Completely Abstaining From Drama Is To Ask For Drama At The End Of The Day

I'm finally beginning to turn the corner on things not working out with a woman I'd longed for three years and whom gave me every indicator she felt the same only to feel rejection in the end and having felt led on and used, I cut off communication to give my heart time and space to heal. As I asked, she hasn't contacted me for the past week plus and is making it much easier for me to lift my head up and move forward again.

This past week or so has given me a great amount of time to reflect on things. I probably should have seen this red flag at the start of trying to pursue something with this woman, but thought, naively enough, that she'd alter her tune a bit. When she and I started communicating much more regularly with one another, I had told a funny tale about a conversation a friend of mine and I had, which showcased that he was kind of gullible and a bit more serious than the average person. This love interest of mine responded by asking how I can be around serious people and going on a tangent about how she can't surround herself with serious individuals. I replied with something about how I love to kick back and have a good time just as much as the next person, but I also believe there are times one has to be serious. I think balance is key. If one becomes too serious, they can forget how to have a good time and when one is all about having fun, they can lose track of things in their life they should probably take more seriously. This woman was definitely the latter of the two.

I'll say it right now, I don't like drama. Unless it's a well-put together piece of cinema, I don't care to have much drama in my life. However, I think the thought of one's life being drama-free is pretty naive. That appears to be how this woman wanted it and she was disappointed things couldn't transpire in such a smooth-sailing fashion. I joked around with her quite frequently. We made small talk. When I brought up a serious subject, however, she backed away and seemed to ignore it all together.

Like I said, I don't care for drama, but to completely ignore it from the outset of a relationship is only asking for problems in the end.

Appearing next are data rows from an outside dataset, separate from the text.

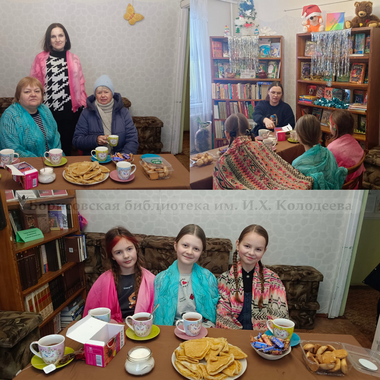 Библиотекарь Галина Кормалькова рассказала гостям о традициях празднования колядок , их значением, основными ритуалами и текстами. Продолжились посиделки чаепитием, за которым читатели библиотеки поделились своими впечатлениями и историей праздновании колядок из детства.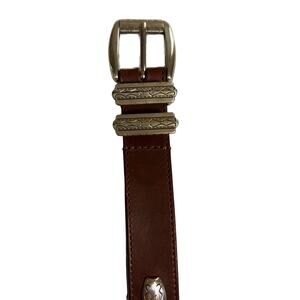 Olga Santini Women's Belt Brown Leather Silver Metal Detail 1" Wide Style 4175A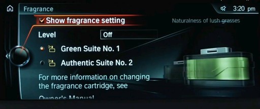 System zapachów BMW Ambient Air pozwala na wybranie jednego z dwóch zapachów w aucie oraz jego intensywności. Do poprawnego działania systemu potrzebne są dwie sztuki wkładów zapachowych. Zalecane jest posiadanie dwóch różnych wkładów w swoim systemie.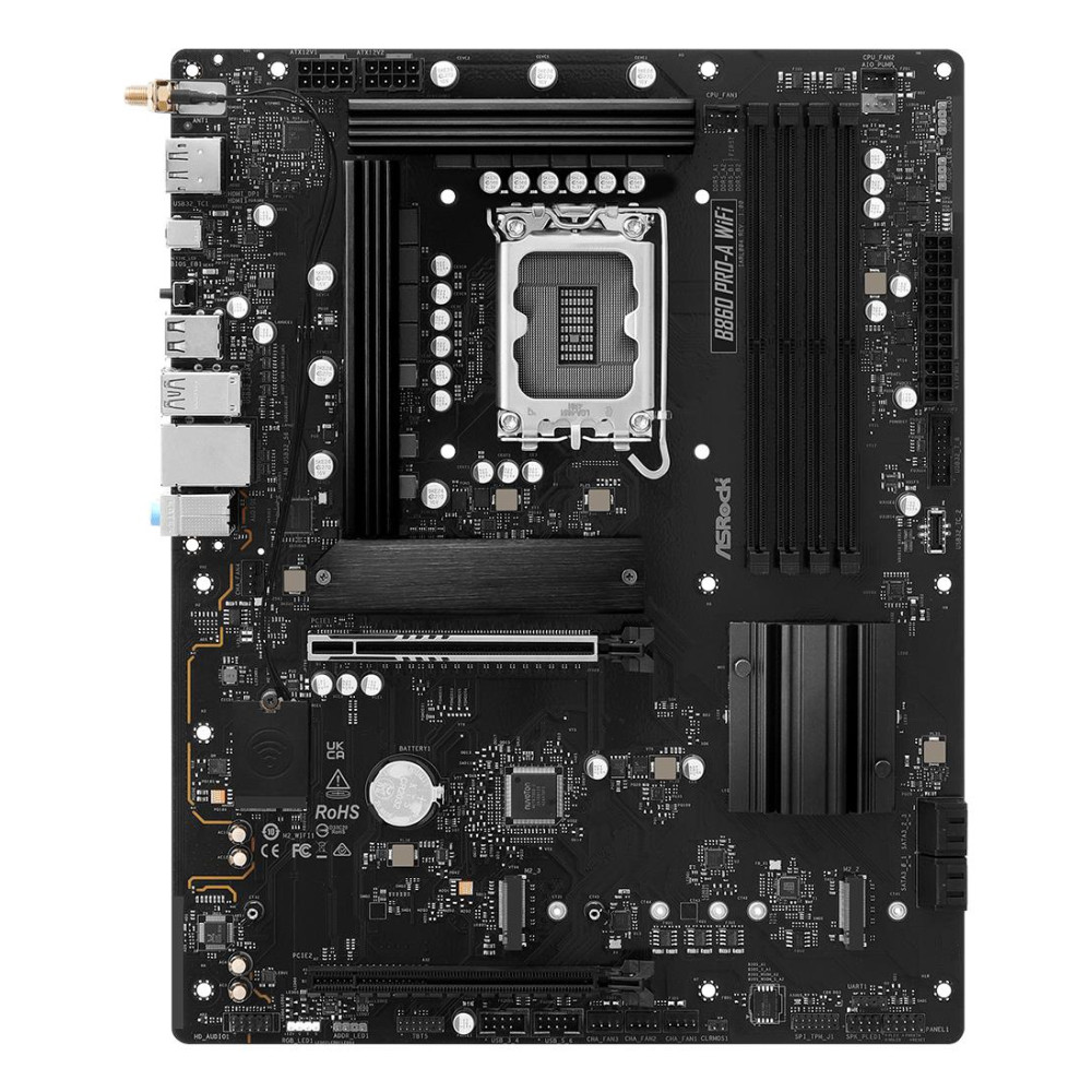 Asrock B860 Pro-A WiFi. Производитель процессора: Intel, Сокет процессора: LGA 1851 (Socket V1). Поддерживаемые типы памяти: DDR5-SDRAM, Максимальная внутренняя память: 256 GB, Тип слотов памяти: DIMM. Поддерживаемые интерфейсы носителя: M.2, SATA III, Уровни RAID: 0, 1, 5, 10. Семейство графического адаптера: Intel. Тип Ethernet интерфейса: 2.5 Gigabit Ethernet, Контроллер LAN: Dragon RTL8125BG, Основной стандарт Wi-Fi: Wi-Fi 6E (802.11ax)

If problem A is ignored on Day 5 and problem B makes its presence known on day 25 and is too ignored and problem C comes about on day 52 only to be denied by a party, there's going to be an escalation of tension in the relationship and problems A & B, along with C, will not stop circulating the conversations until they're discussed and resolved to an extent. This is what happened between my before-mentioned love interest and myself. I tried to reach out to her, open up and talk about serious matters, so that we could understand one another and resolve the issue at hand and she continually ignored it (them) until it became too late. She wound up sending me a text by saying, "This is entirely too much drama." I wonder why. To completely abstain from drama is to ask for it and that's exactly what she did.